_Data segment:_
• • • • • • •

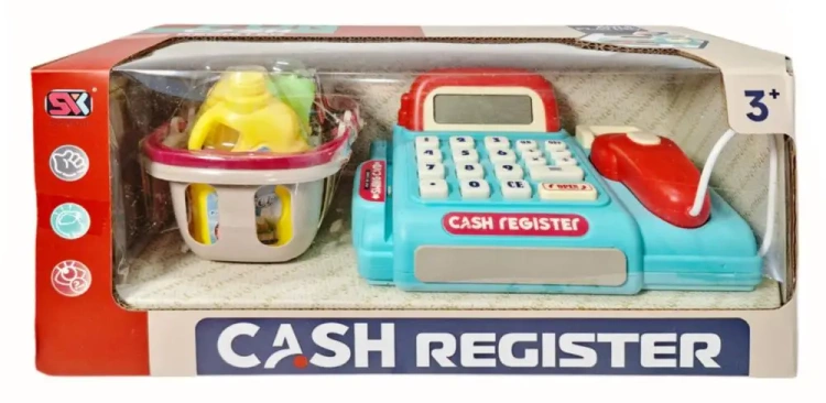 Zestaw kasa sklepowa z kalkulatorem i akcesoriami, w tym koszykiem z produktami. Produkt działa na baterie AA. Baterie nie są załączone do zabawki. Zabawka przeznaczona dla dzieci od lat 3. Zabawka zapakowana w kartonowe pudełko. Podane wymiary są wymiarami opakowania.
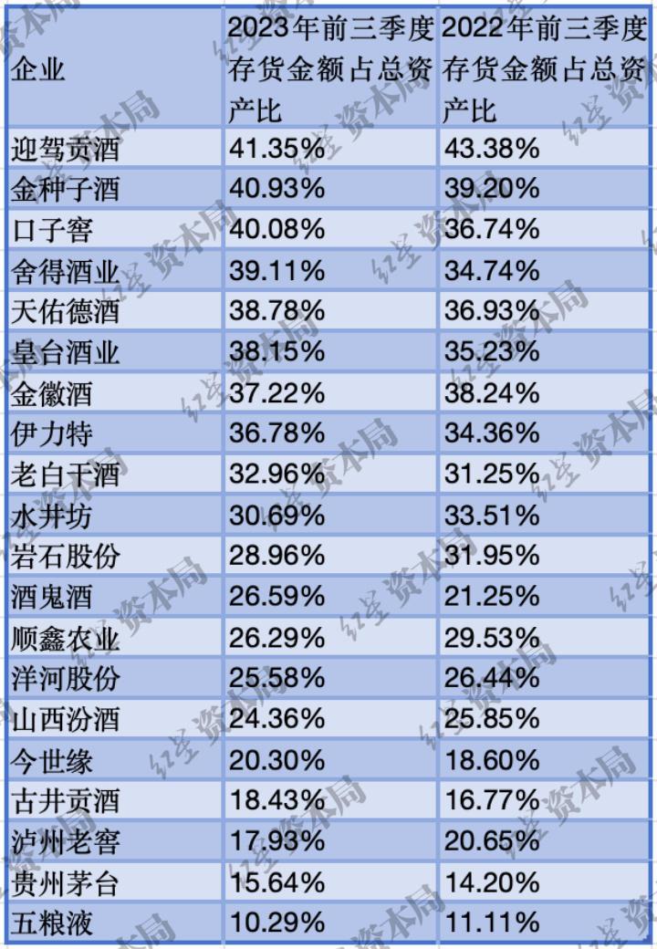 迎驾贡酒存货占总资产四成,茅五泸占比最小
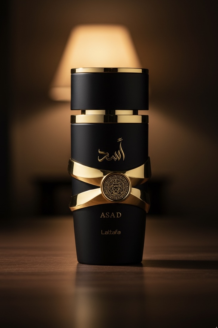 Lattafa Asad Eau De Parfum – an Oriental fragrance for men, launched in 2021. It opens with Black Pepper, Tobacco, and Pineapple, followed by Patchouli, Coffee, and Iris, and settles into a warm base of Vanilla, Amber, Dry Woods, Benzoin, and Labdanum.
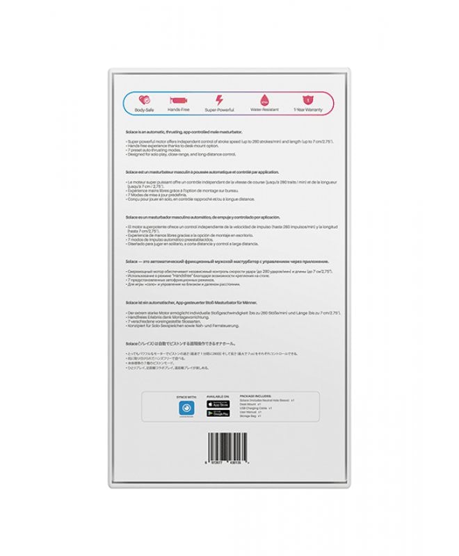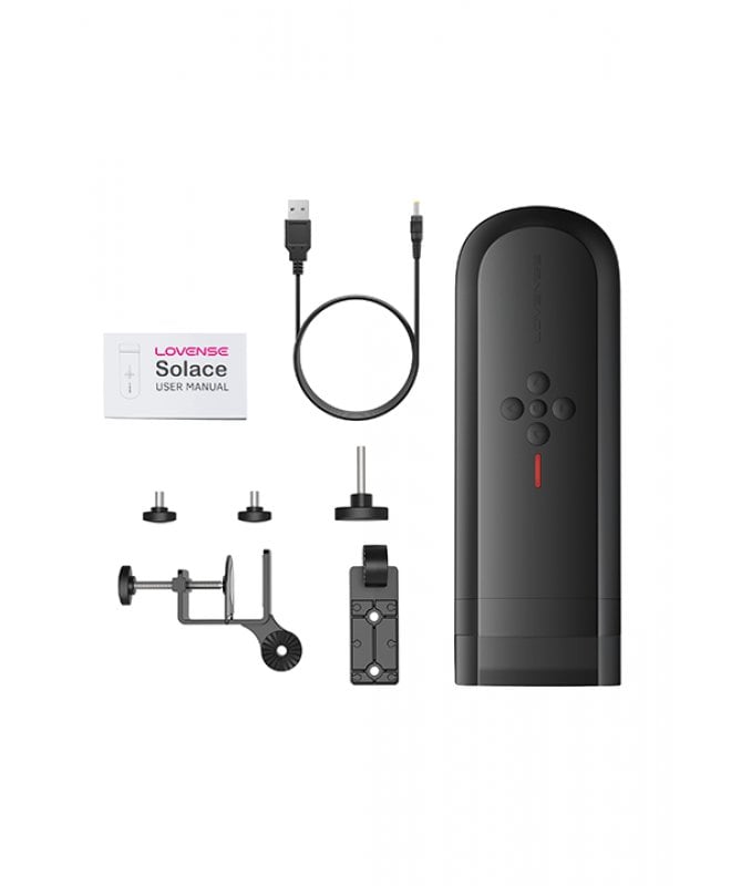 Sammen med masturbatoren får du et genialt bordfeste. Den stabile bordfestingen gir mulighet for flere posisjoner, og du kan enkelt justere den for ulike scenarier. Leketøyet kobles enkelt til mobilen din og kan styres via deres app, perfekt for langdistanseforhold! Innenfor appen kan du utforske ulike intensitetsnivåer, fra lette og langsomme støt til mer intense og raske. Rengjøring er enkelt – pop ut sleevebeholderen, ta ut sleeven, vask med lunkent vann og intimsåpe, og avslutt med vibratorrens. Voilá! Solace er klar for en ny runde...

• • • • • • •

_Task directions:_
Only one thing is required here: an exact copy of the lines from the one bearing "Lattafa Asad Eau" through the final line above, both included, with pictures left out.

_Answer section:_
 Lattafa Asad Eau De Parfum – an Oriental fragrance for men, launched in 2021. It opens with Black Pepper, Tobacco, and Pineapple, followed by Patchouli, Coffee, and Iris, and settles into a warm base of Vanilla, Amber, Dry Woods, Benzoin, and Labdanum.
 Sammen med masturbatoren får du et genialt bordfeste. Den stabile bordfestingen gir mulighet for flere posisjoner, og du kan enkelt justere den for ulike scenarier. Leketøyet kobles enkelt til mobilen din og kan styres via deres app, perfekt for langdistanseforhold! Innenfor appen kan du utforske ulike intensitetsnivåer, fra lette og langsomme støt til mer intense og raske. Rengjøring er enkelt – pop ut sleevebeholderen, ta ut sleeven, vask med lunkent vann og intimsåpe, og avslutt med vibratorrens. Voilá! Solace er klar for en ny runde...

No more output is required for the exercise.